Data entries

+-------+

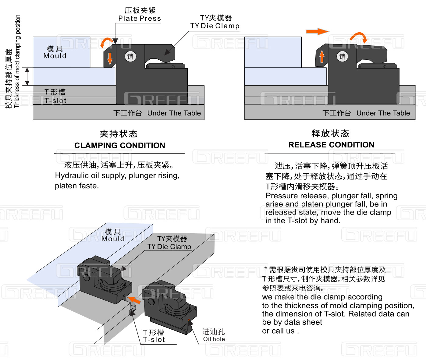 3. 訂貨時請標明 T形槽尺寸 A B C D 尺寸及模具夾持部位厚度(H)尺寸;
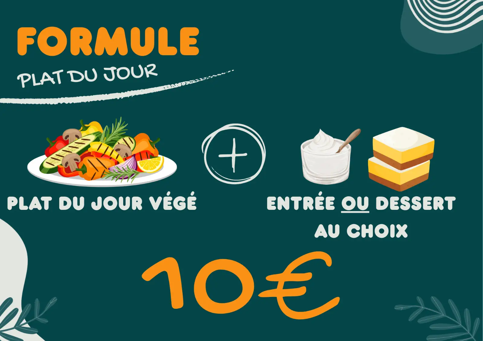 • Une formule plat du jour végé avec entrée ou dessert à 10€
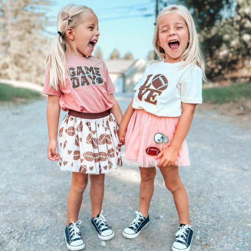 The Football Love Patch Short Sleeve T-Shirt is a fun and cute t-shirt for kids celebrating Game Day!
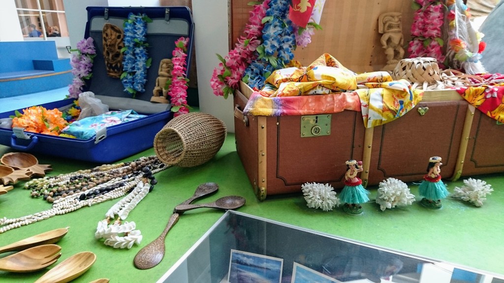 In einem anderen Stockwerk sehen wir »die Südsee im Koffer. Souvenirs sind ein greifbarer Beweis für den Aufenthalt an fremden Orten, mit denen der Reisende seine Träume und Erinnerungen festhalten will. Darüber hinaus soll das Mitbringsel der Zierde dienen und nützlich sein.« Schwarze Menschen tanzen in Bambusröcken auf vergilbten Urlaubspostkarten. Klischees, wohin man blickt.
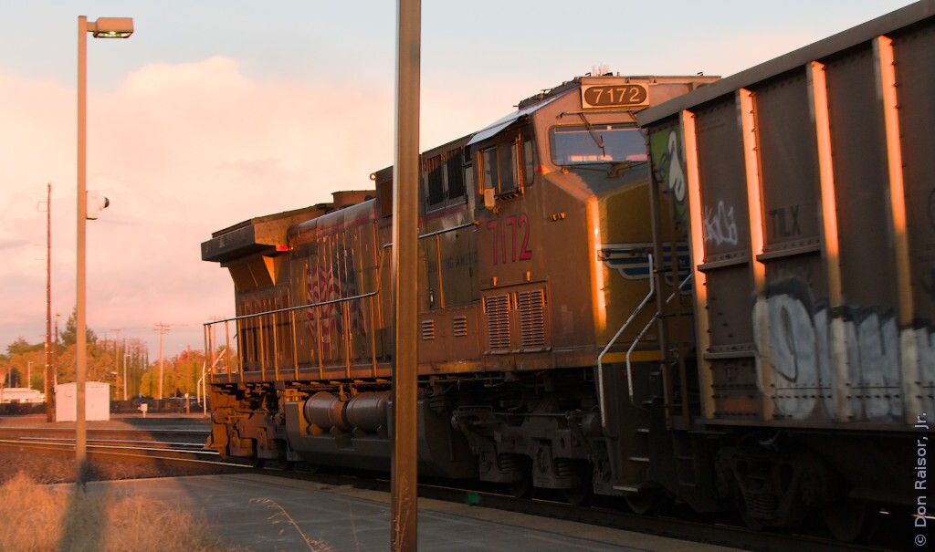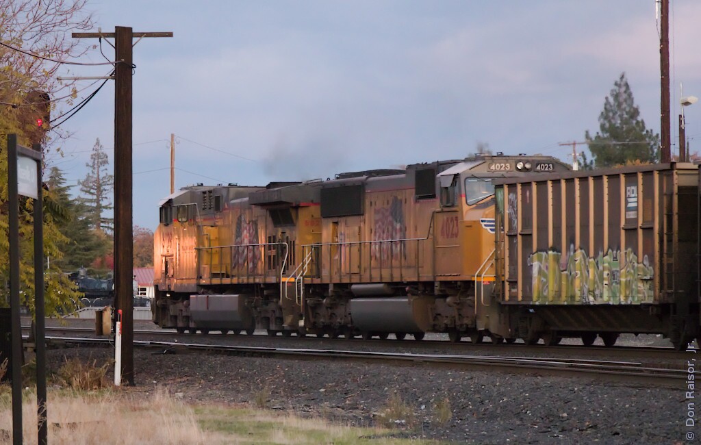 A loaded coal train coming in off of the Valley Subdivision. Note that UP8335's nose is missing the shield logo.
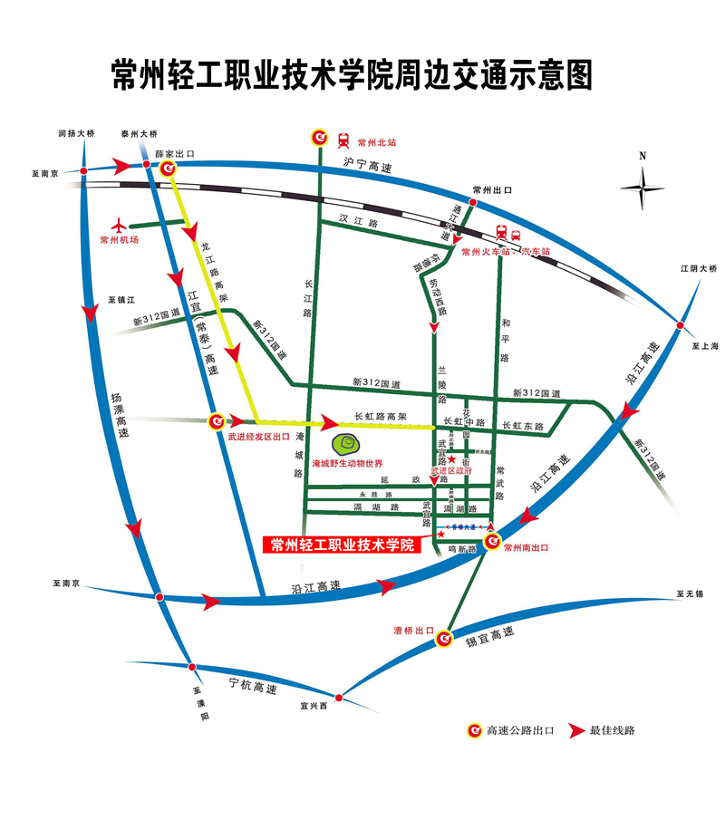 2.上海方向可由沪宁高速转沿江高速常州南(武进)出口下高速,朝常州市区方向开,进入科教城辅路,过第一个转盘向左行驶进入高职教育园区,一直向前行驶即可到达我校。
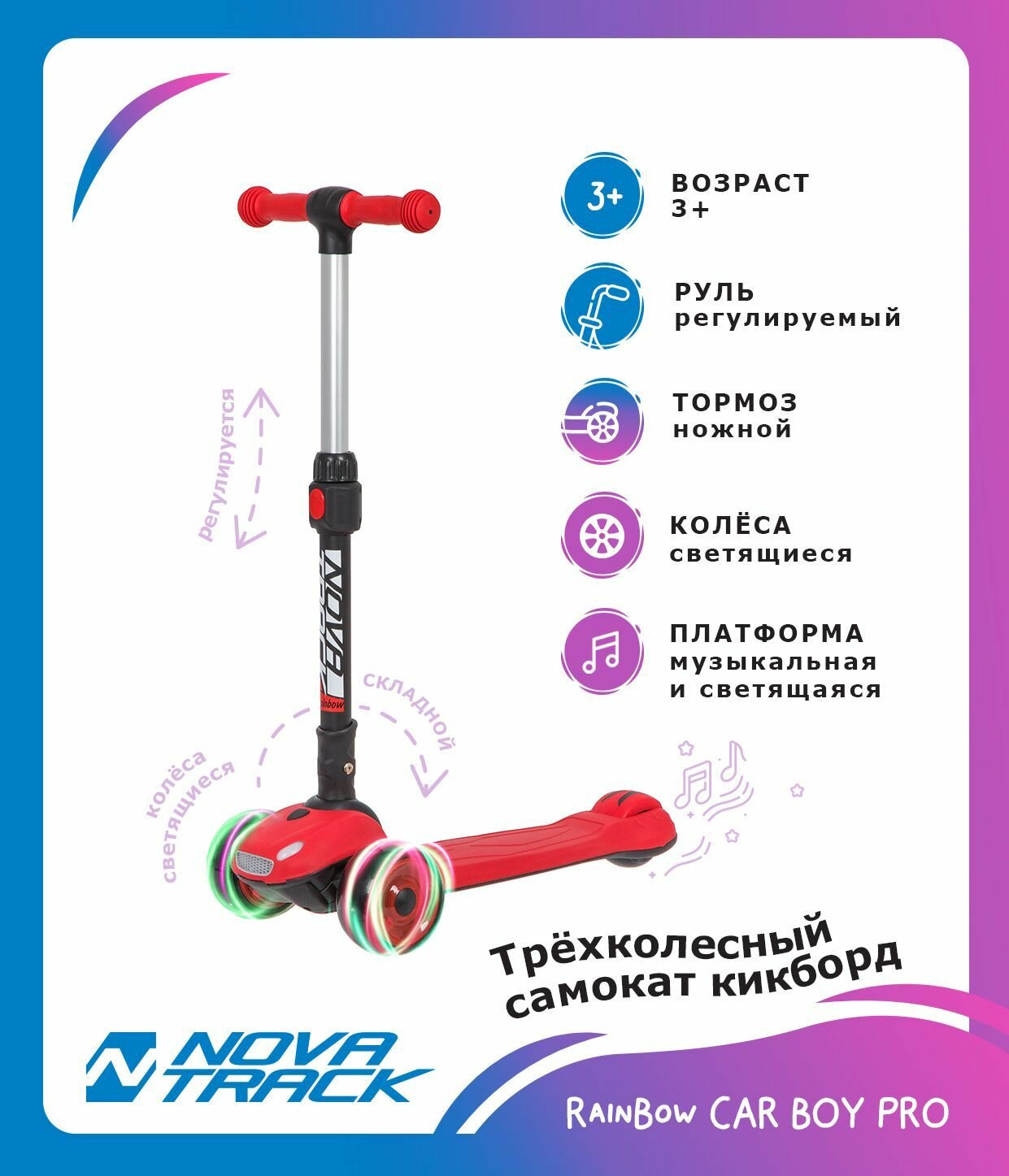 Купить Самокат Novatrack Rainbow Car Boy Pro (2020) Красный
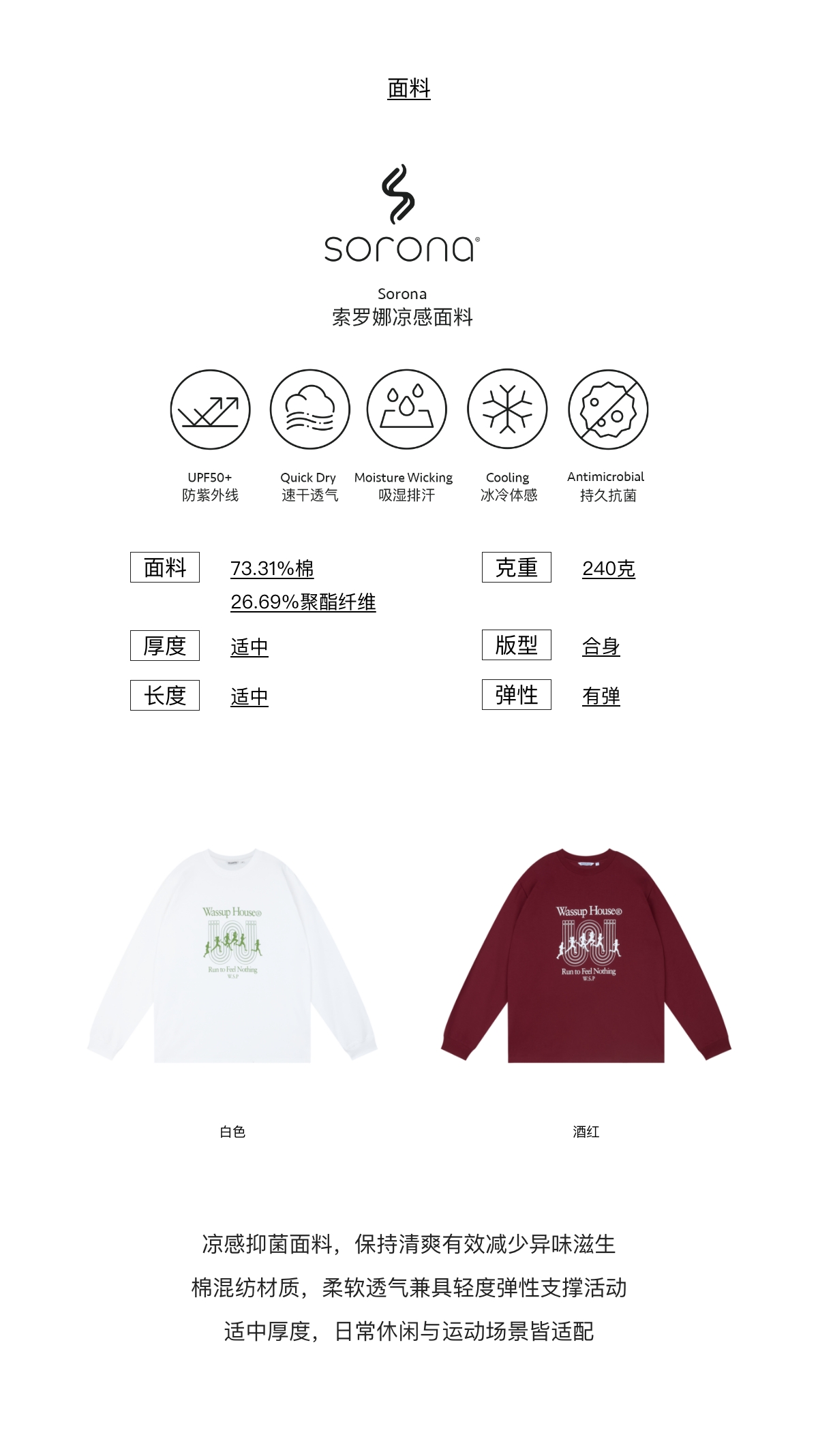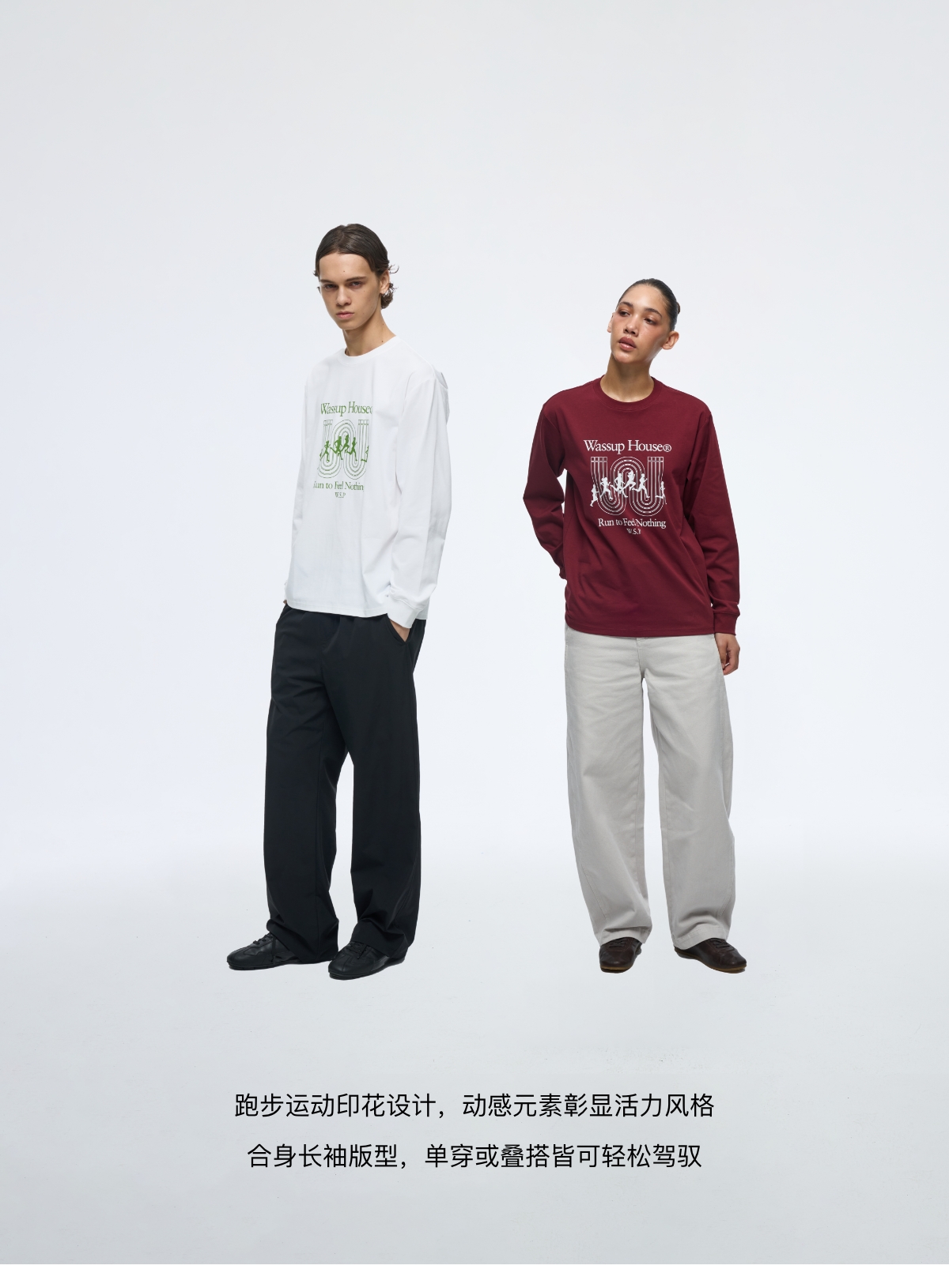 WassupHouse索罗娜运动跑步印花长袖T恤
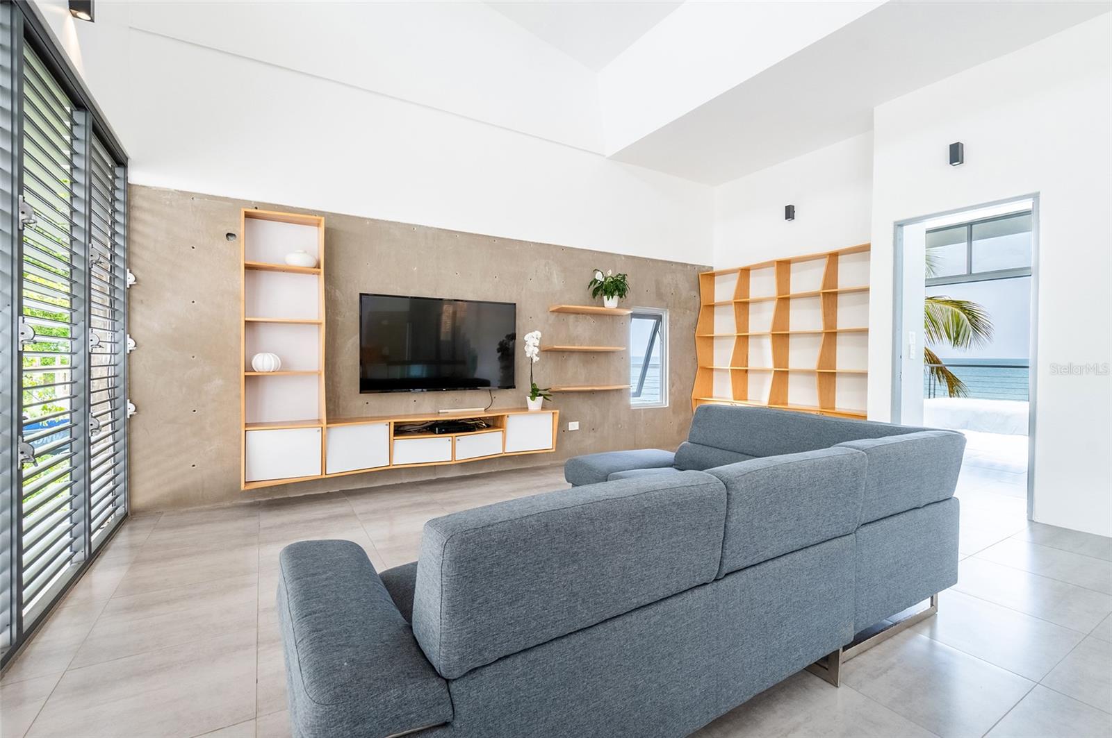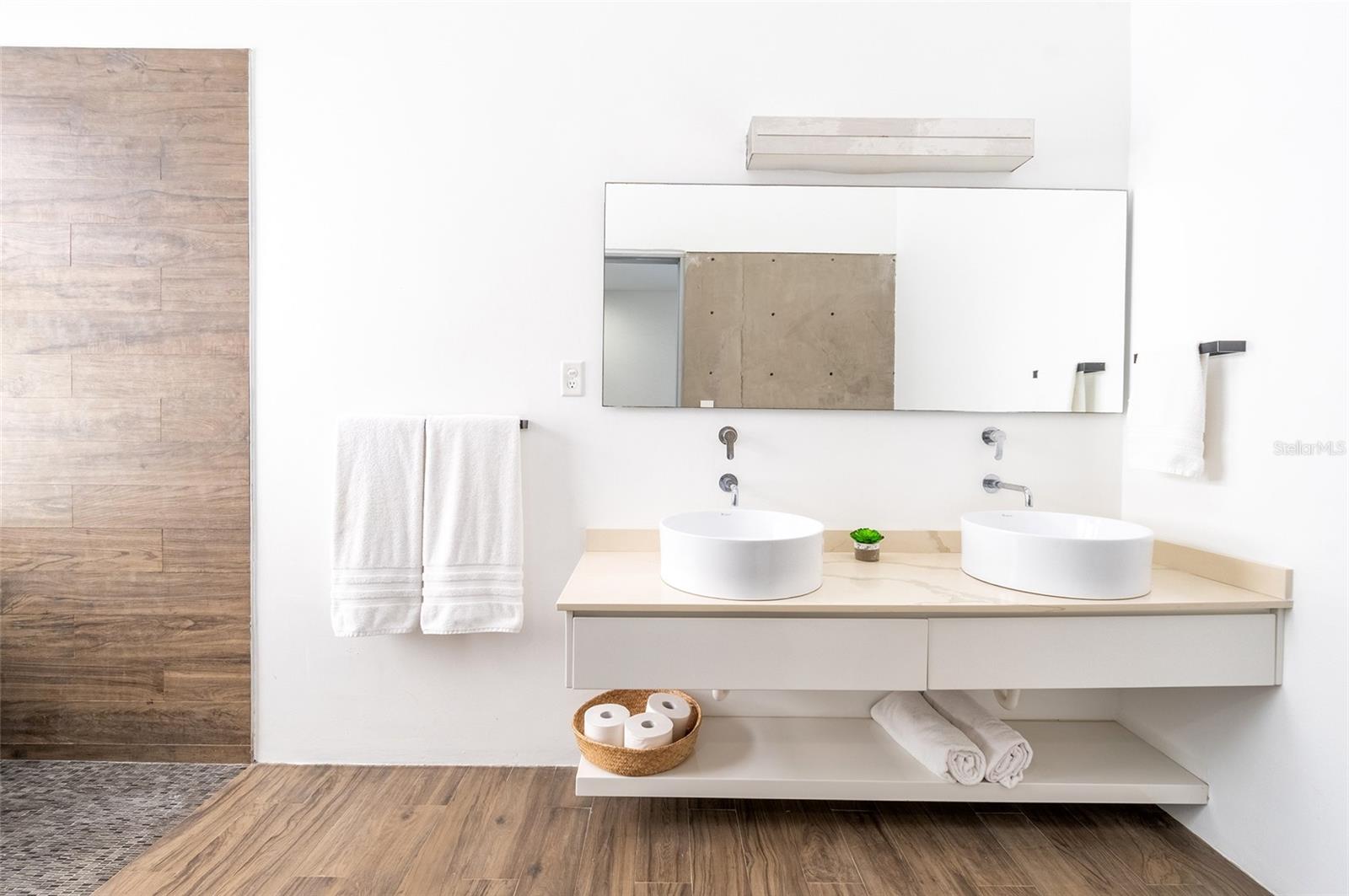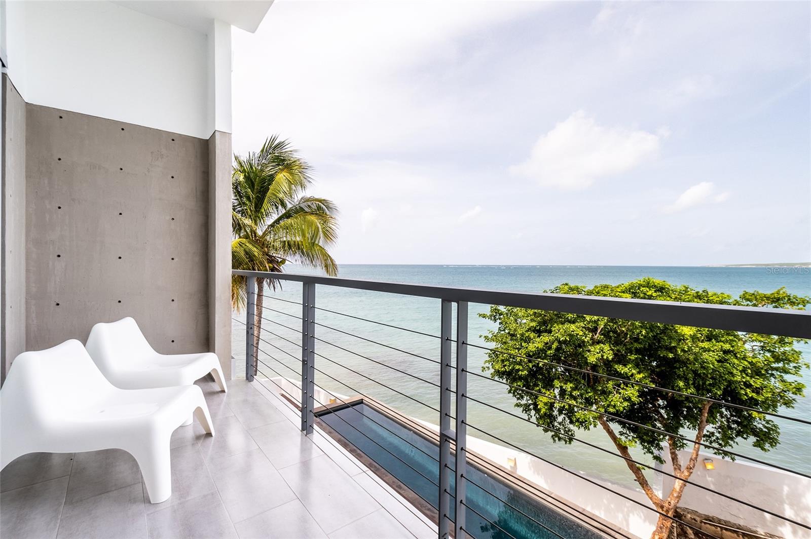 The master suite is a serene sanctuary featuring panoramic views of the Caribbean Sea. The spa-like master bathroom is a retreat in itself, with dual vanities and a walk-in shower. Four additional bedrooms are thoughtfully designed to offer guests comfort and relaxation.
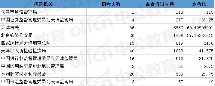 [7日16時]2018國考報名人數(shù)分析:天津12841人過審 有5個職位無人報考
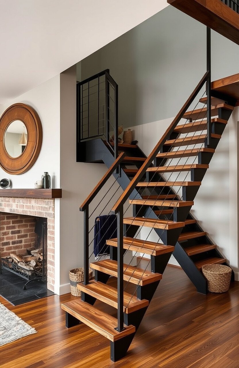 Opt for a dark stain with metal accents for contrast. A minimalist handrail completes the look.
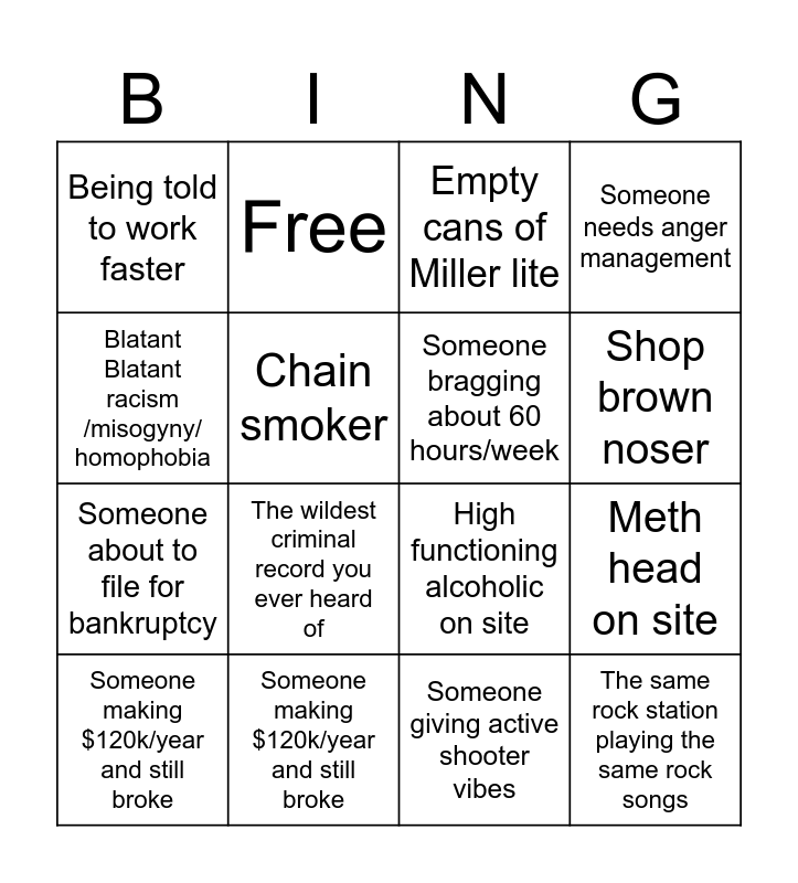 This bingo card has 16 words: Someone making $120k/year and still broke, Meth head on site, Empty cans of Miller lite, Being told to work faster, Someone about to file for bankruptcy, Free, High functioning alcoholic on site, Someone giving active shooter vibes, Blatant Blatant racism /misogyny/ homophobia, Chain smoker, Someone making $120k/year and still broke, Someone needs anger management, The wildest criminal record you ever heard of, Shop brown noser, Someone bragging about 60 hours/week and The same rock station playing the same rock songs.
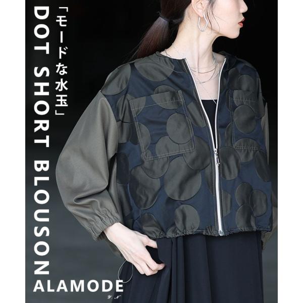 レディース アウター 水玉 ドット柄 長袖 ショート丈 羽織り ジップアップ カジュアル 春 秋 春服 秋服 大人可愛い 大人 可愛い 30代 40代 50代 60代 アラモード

+-------+

## WHAT YOU NEED TO DO
Give again, exactly, the lines from the start of the data through the one holding "WassupHouse索罗娜运动跑步印花长袖T恤"; omit the pictures.

## SOLUTION
 3. 訂貨時請標明 T形槽尺寸 A B C D 尺寸及模具夾持部位厚度(H)尺寸;
 • Une formule plat du jour végé avec entrée ou dessert à 10€
 The Football Love Patch Short Sleeve T-Shirt is a fun and cute t-shirt for kids celebrating Game Day!
 In einem anderen Stockwerk sehen wir »die Südsee im Koffer. Souvenirs sind ein greifbarer Beweis für den Aufenthalt an fremden Orten, mit denen der Reisende seine Träume und Erinnerungen festhalten will. Darüber hinaus soll das Mitbringsel der Zierde dienen und nützlich sein.« Schwarze Menschen tanzen in Bambusröcken auf vergilbten Urlaubspostkarten. Klischees, wohin man blickt.
 A loaded coal train coming in off of the Valley Subdivision. Note that UP8335's nose is missing the shield logo.
 2.上海方向可由沪宁高速转沿江高速常州南(武进)出口下高速,朝常州市区方向开,进入科教城辅路,过第一个转盘向左行驶进入高职教育园区,一直向前行驶即可到达我校。
 Купить Самокат Novatrack Rainbow Car Boy Pro (2020) Красный
 WassupHouse索罗娜运动跑步印花长袖T恤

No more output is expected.